# DATA BELOW

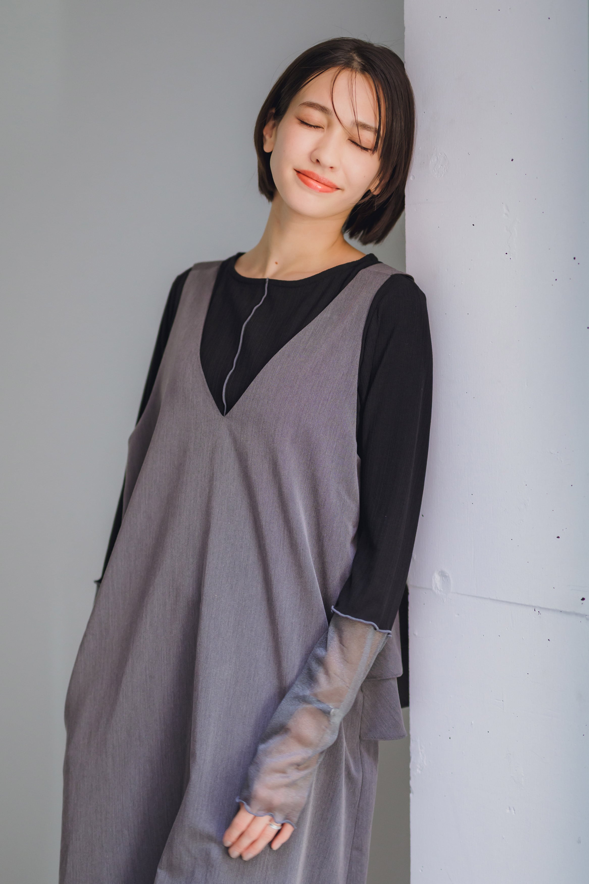 カットソーやタートルを重ねて、季節を問わず楽しめます。
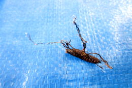 オサムシタケ 幼虫より発生 撮影;大久保彦 カメムシタケ 撮影;富田稔
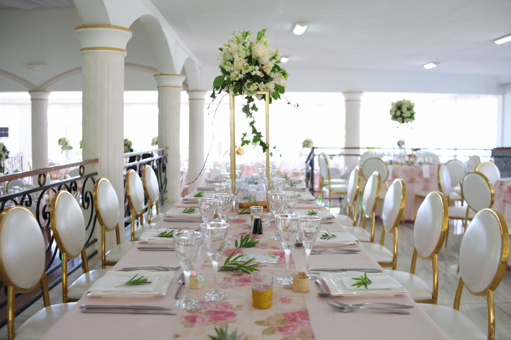 Et que dire de la table de mariée, jonchée de fleurs. Sans compter les majestueux bouquets sur chaque table. On voit bien là, la touche spéciale de » T and Co ».
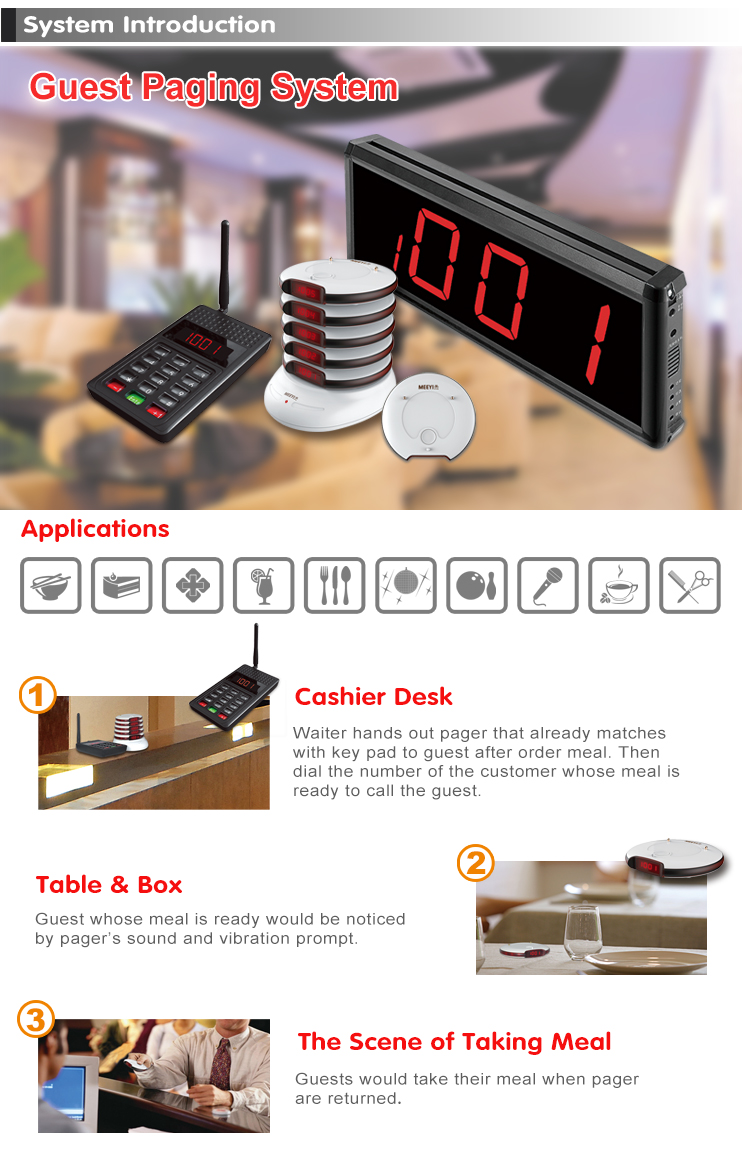 When the meal is ready, and the staff can activate the pager(Y-P305) via the number keypad(Y-P800 or Y-P801), then the guest pager will beep in a subtle way, blinking and vibrating to notice the customer that the order is ready for pick-up.

# TASK STATEMENT
Every line above gets copied exactly; none of the pictures do.

# REPLY
 カットソーやタートルを重ねて、季節を問わず楽しめます。
 オサムシタケ 幼虫より発生 撮影;大久保彦 カメムシタケ 撮影;富田稔
 Et que dire de la table de mariée, jonchée de fleurs. Sans compter les majestueux bouquets sur chaque table. On voit bien là, la touche spéciale de » T and Co ».
 When the meal is ready, and the staff can activate the pager(Y-P305) via the number keypad(Y-P800 or Y-P801), then the guest pager will beep in a subtle way, blinking and vibrating to notice the customer that the order is ready for pick-up.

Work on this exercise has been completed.